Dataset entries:
=-=-=

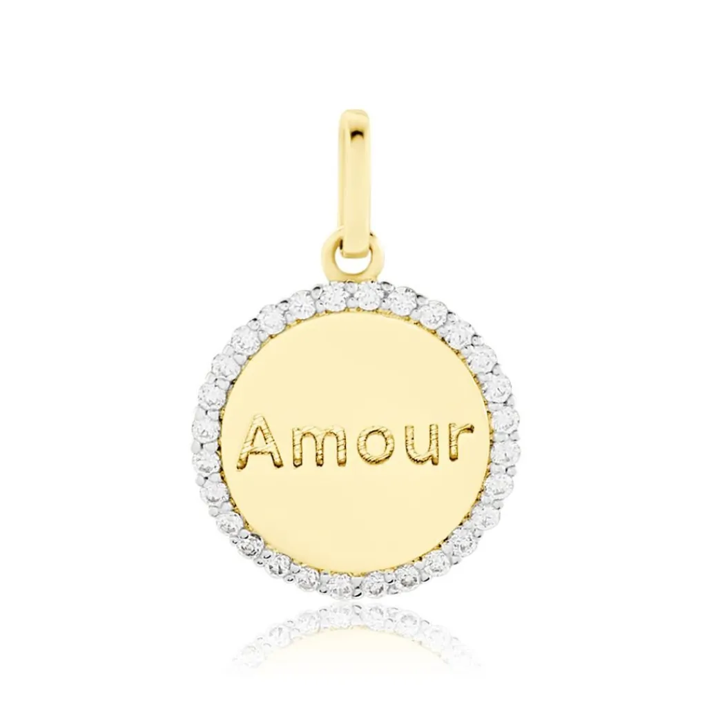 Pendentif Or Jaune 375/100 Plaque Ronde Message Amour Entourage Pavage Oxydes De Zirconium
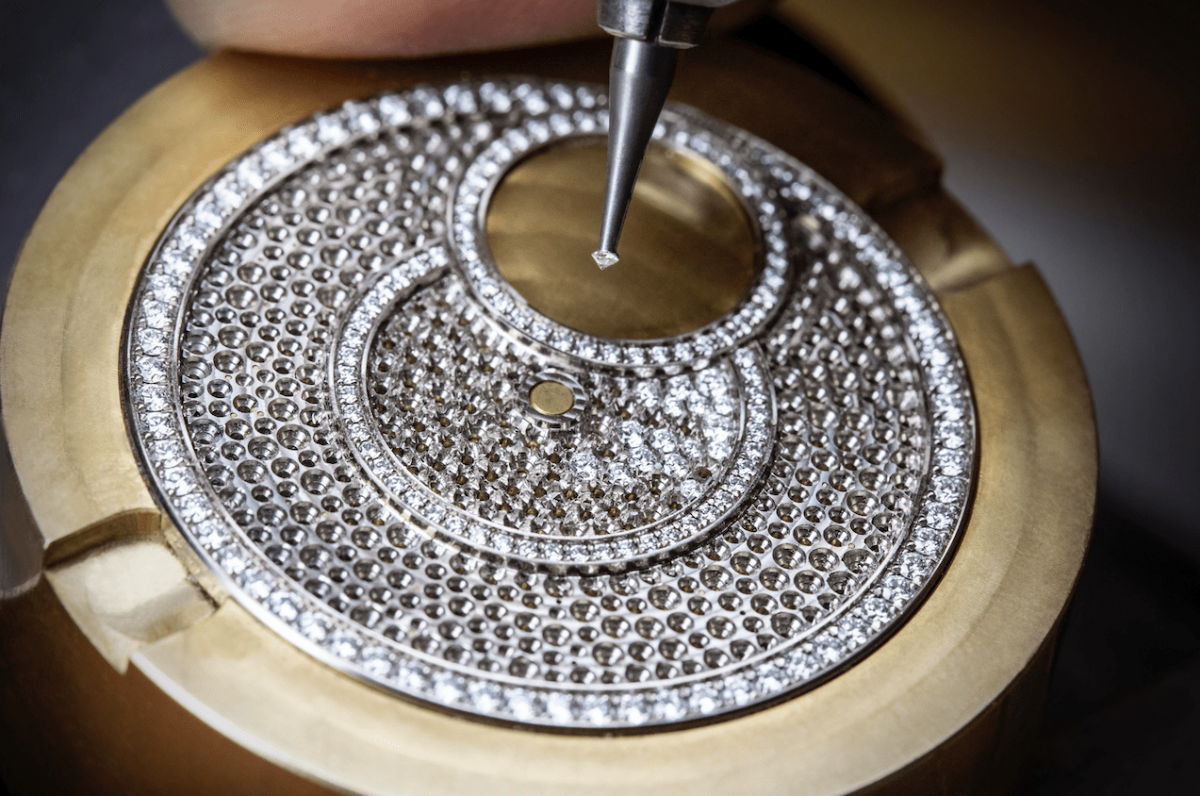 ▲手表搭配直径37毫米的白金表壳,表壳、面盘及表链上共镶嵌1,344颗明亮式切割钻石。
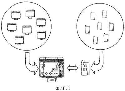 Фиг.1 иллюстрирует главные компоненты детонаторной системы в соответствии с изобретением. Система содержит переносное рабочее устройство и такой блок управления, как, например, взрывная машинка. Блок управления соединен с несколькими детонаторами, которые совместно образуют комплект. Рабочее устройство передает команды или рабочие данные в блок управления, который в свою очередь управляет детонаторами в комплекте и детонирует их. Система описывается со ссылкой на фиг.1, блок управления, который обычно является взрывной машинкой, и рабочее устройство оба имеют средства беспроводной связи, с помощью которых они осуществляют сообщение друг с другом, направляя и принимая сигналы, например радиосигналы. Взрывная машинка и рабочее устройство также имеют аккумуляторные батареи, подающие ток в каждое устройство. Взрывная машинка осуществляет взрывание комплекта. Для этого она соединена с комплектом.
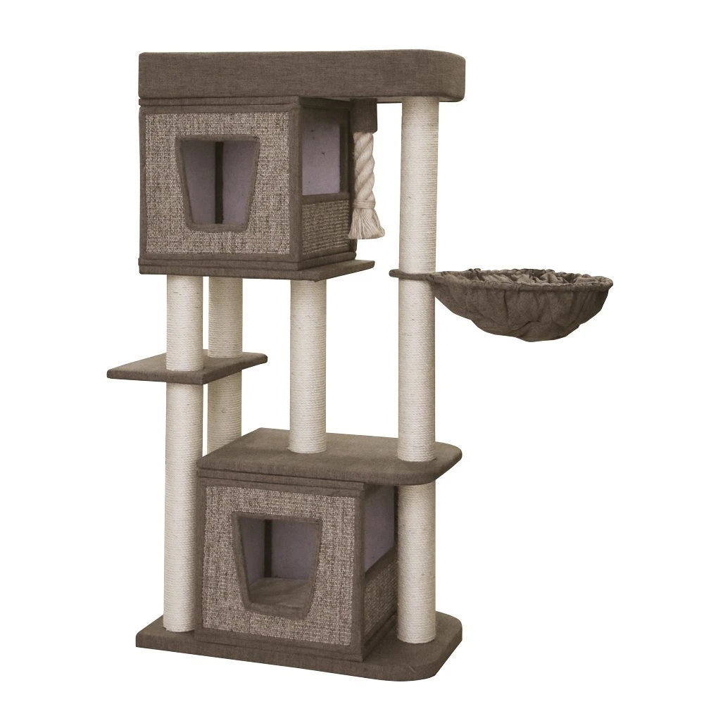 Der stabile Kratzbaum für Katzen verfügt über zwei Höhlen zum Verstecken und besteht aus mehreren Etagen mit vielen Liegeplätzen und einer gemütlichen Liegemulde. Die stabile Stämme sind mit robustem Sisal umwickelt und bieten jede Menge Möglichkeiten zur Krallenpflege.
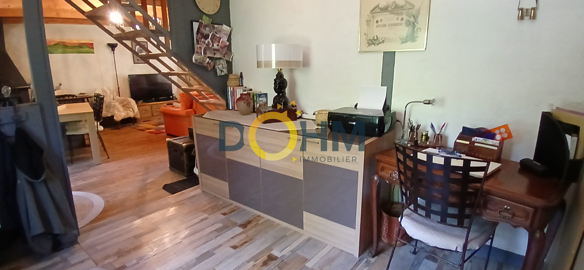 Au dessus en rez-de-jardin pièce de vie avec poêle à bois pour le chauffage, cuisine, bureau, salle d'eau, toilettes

=-=-=

* [Task to complete]: Please retype exactly the lines from the one containing "Der stabile Kratzbaum" to the last line of the records above, both included, without any pictures.

* [Answer area]:
 Der stabile Kratzbaum für Katzen verfügt über zwei Höhlen zum Verstecken und besteht aus mehreren Etagen mit vielen Liegeplätzen und einer gemütlichen Liegemulde. Die stabile Stämme sind mit robustem Sisal umwickelt und bieten jede Menge Möglichkeiten zur Krallenpflege.
 Au dessus en rez-de-jardin pièce de vie avec poêle à bois pour le chauffage, cuisine, bureau, salle d'eau, toilettes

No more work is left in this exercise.